Handling issues involving maternity and pregnancy requires considering several factors, including statutes protecting against discrimination on the state and federal level, statutes allowing leave, safety factors, and retention of valuable employees.
The Massachusetts Pregnant Workers Fairness Act (PWFA) protects employees who announce plans to become pregnant, are pregnant, or have pregnancy-related disabilities. A federal statute, the Pregnant Discrimination Act of 1978 (PDA), also prohibits discrimination because a worker is pregnant.

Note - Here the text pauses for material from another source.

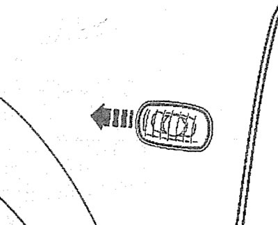 24. Націсніце на рассейвальнік бакавога паўтаральніка паказальніка павароту ў напрамку, паказаным стрэлкай на ілюстрацыі, і акуратна выміце яго з мантажнай адтуліны на крыле.

Both the state and federal statutes prohibit discrimination by an employer against a woman who is pregnant or who has indicated an intention to become pregnant. The employer can’t make employment decisions such as termination or decreases in hours or pay based solely on the fact that an employee is pregnant or may become pregnant soon. A pregnant woman still has to show that she is performing her job responsibilities at an acceptable level. She cannot use pregnancy as an excuse not to get fired on other grounds.
The employer has a great deal of discretion to make legitimate business decisions that would have been made regardless of whether an employee is pregnant or not. That means if there was a layoff being considered anyway, then those plans do not have to work around the pregnancy of the employee. There can be a termination or reduction in hours because of a reasonable business decision. The most important thing to remember is not to treat a pregnant employee differently from other employees because she is pregnant.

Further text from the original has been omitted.